> _PROBLEM_
Transcribe exactly everything in the data below from the line containing "원으로 들어서는 입구" down to the line containing "這時妻子碧雪的姊姊說:「只能", both lines included and nothing further.

> _PROVIDED RECORDS_

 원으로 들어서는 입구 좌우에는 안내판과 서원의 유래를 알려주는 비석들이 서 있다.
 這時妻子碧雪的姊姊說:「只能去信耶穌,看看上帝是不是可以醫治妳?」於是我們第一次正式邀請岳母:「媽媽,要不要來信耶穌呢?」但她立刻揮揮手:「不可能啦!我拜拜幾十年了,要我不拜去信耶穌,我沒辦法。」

* * *

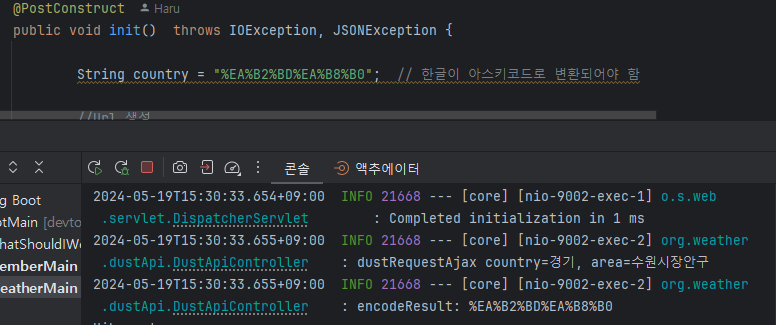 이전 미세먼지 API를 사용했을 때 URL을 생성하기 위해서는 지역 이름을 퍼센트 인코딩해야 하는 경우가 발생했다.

---

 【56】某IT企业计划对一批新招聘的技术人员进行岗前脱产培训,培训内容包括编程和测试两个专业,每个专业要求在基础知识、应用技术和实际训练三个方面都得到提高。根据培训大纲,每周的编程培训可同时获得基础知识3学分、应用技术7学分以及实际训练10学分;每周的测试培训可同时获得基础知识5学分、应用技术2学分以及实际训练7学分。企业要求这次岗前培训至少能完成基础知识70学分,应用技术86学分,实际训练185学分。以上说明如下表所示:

> _ANSWER BOX_
 원으로 들어서는 입구 좌우에는 안내판과 서원의 유래를 알려주는 비석들이 서 있다.
 這時妻子碧雪的姊姊說:「只能去信耶穌,看看上帝是不是可以醫治妳?」於是我們第一次正式邀請岳母:「媽媽,要不要來信耶穌呢?」但她立刻揮揮手:「不可能啦!我拜拜幾十年了,要我不拜去信耶穌,我沒辦法。」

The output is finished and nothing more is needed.